CSAIL’s team used digital light processing 3D printing to incorporate the air-filled channels into the struts that form the lattice structure of the team’s material. The researchers drew the structure out of a pool of resin and hardened it into a precise shape using projected light. In this method, an image is projected onto the wet resin, and areas struct by the light are cured. Researchers used pressurized air, a vacuum and intricate cleaning to remove any excess resin before it was cured.
When the resulting structure is moved or squeezed, the channels formed by the 3D printing are deformed, causing the volume of air inside to change. The team used an off-the-shelf pressure sensor to measure these changes in pressure and get feedback on how the material is deforming.

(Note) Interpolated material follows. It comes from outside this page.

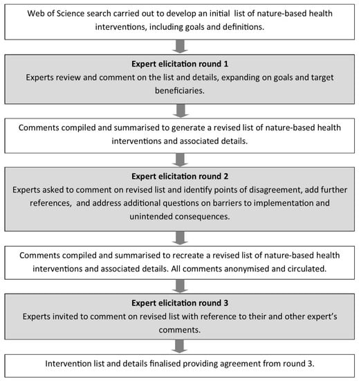 We used a Delphi expert elicitation process [33] to develop and then to refine and improve a list of NBIs that have received attention in the peer–reviewed scientific literature to date (Figure 1). The Delphi technique is an iterative method for building consensus. In this case, it was based on three rounds of questionnaires. Before the rounds of questions began, D.F.S. carried out a broad–reaching Web of Science literature search (initial search terms including ‘nature AND health OR wellbeing’, ‘nature–based health interventions’, ‘nature interventions’). The goal of this search was not a comprehensive review, but to develop a list of interventions—that is, programmes, activities or strategies that aim to engage people in nature experiences with the specific intention of improving health and wellbeing outcomes. The articles identified through the initial search were assessed, and NBIs identified where possible; further articles were found through the reference lists within the initial article set.

The CSAIL team then built off of their results by building sensors into a class of materials developed for motorized soft robotics called handed shearing auxetics (HSAs). HSAs can be twisted or stretched, making them good for soft robotic actuators. Like architected materials, HSAs are difficult to embed sensors into because of their complex structure.
The team ran the sensorized HSA material through a series of movements for over 18 hours, and used the sensor data they gathered to train a neural network to accurately predict the robot’s motion.
In the future, the team hopes its technology could be used to create soft, flexible robots with embedded sensors. These robots could understand their own posture and movements. The CSAIL team also sees potential for their technology to be used to create wearable devices that provide feedback on how the user is moving or interacting with their environment.
The team recently published the results of their study in Science Advances. Daniela Rus, the Andrew and Erna Viterbi Professor of Electrical Engineering and Computer Science and director of CSAIL, was the lead author on the paper. Co-authors included Lillian Chin, a graduate student at MIT CSAIL, Ryan Truby, former CSAIL postdoc and now assistant professor at Northwestern University, and Annan Zhang, CSAIL graduate student.